America: The No Vacation Nation

July 23, 2015

What do the United States of America, the Federated States of Micronesia and the Kingdom of Tonga all have in common? Aside from being decidedly long-named nations, none of these three countries requires employers to provide their staff with time off for holidays or vacation. In fact, the U.S. is the only advanced economy in the entire world without such a requirement. As a result, American workers have seen their vacation time shrink from an annual average of 20.3 days in 1976 to just 16 days last year.

And that’s for employees who are lucky enough to have access to vacation benefits to begin with. For millions of others working in service jobs like restaurants and retail, the opportunity for paid leave may never present itself. That is unless you work for a foreign-owned company like H&M. The Sweden-based “fast fashion” retailer is expanding all over the U.S. and looking for qualified employees to sign on. One of the central draws of this recruitment campaign is H&M’s vacation policy, with flyers for the company proudly announcing, “Five weeks vacation is possible.” This sentence piqued the interest of 23-year-old Chris Arce, a veteran of many retail jobs who never saw the industry as a springboard for his career. After a year at H&M, however, Arce got promoted to department manager where he now has access to four weeks of paid vacation and seven paid holidays off.

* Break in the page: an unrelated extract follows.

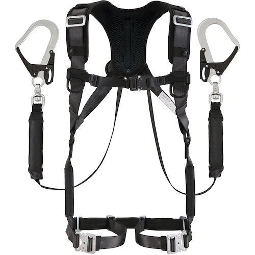 TSUYORON レヴォハーネス ダブルランヤード付き ロック機構付き巻取式ワン・ハンドリトラ+伸縮式ノビロン(BK) 黒・赤 Lサイズ TH508-OHNV93SV-OT-BKR-L-2R23BX
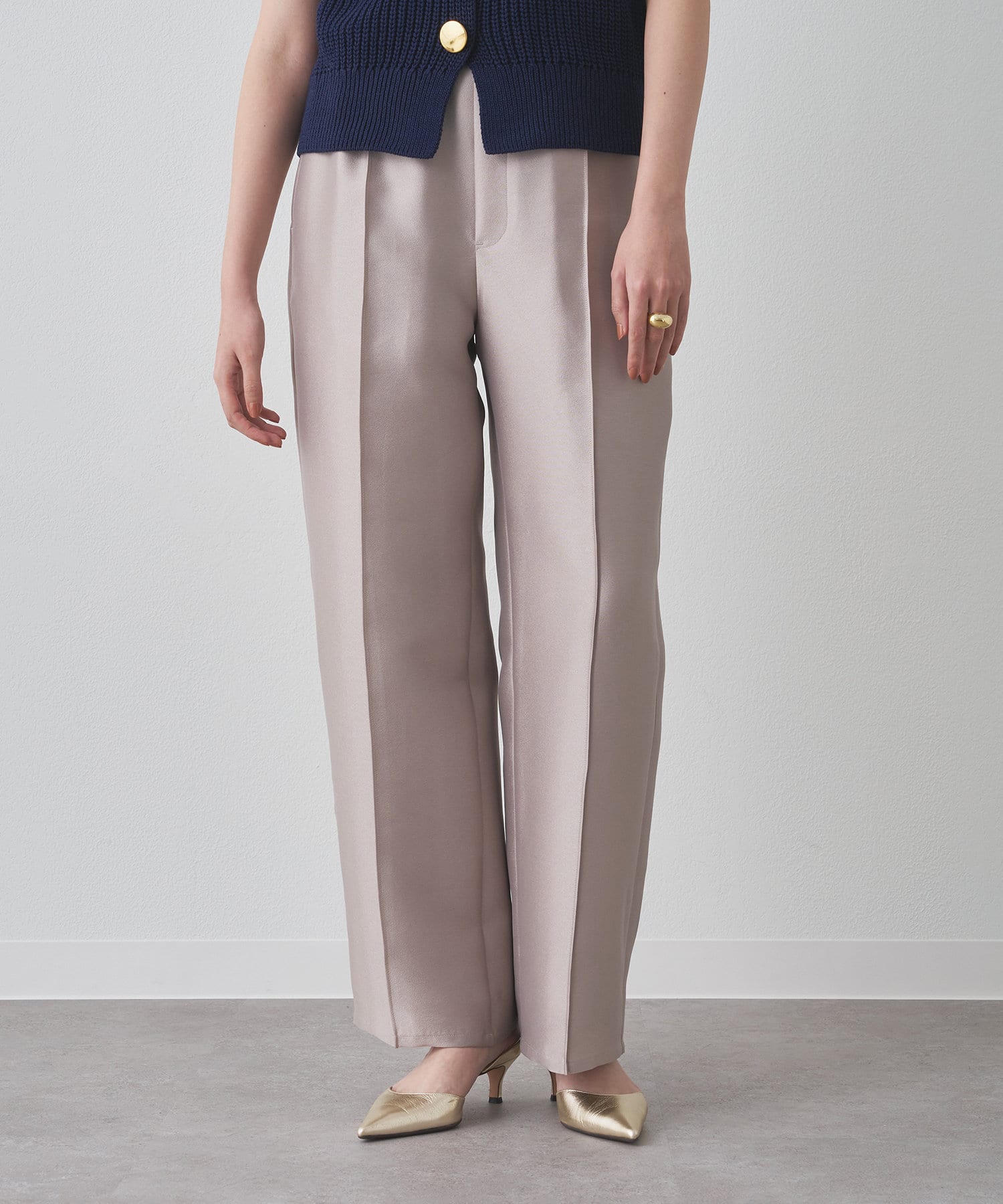 シルクのような上品な光沢感が美しいパンツ。他にはないカラーでオシャレな雰囲気に。

For H&M executives, it just makes good sense to keep their employees happy. “The productivity is what counts,” said H&M’s North American president Daniel Kulle. “If you feel like you are happy and rested, you’ll do better work.” While this idea is a given at many European companies, over the decades American firms have drifted further and further away from it. Taking a vacation can even be taboo at companies where they’re allowed: a 2013 study found that Americans left 429 million vacation days unused that year, amounting to about 3.2 days per worker. As a result, changing the nation’s relationship with vacations will require both companies and employees to rethink how they view work. This will likely be an uphill battle for the U.S., though, a nation in which 61 percent of employees admit that they continue to work even after they’ve come home for the day.

 

Questions:

  1. Why have the number of American vacation days gone down over the past twenty years?
  1. Why don’t Americans use all the vacation days they do get?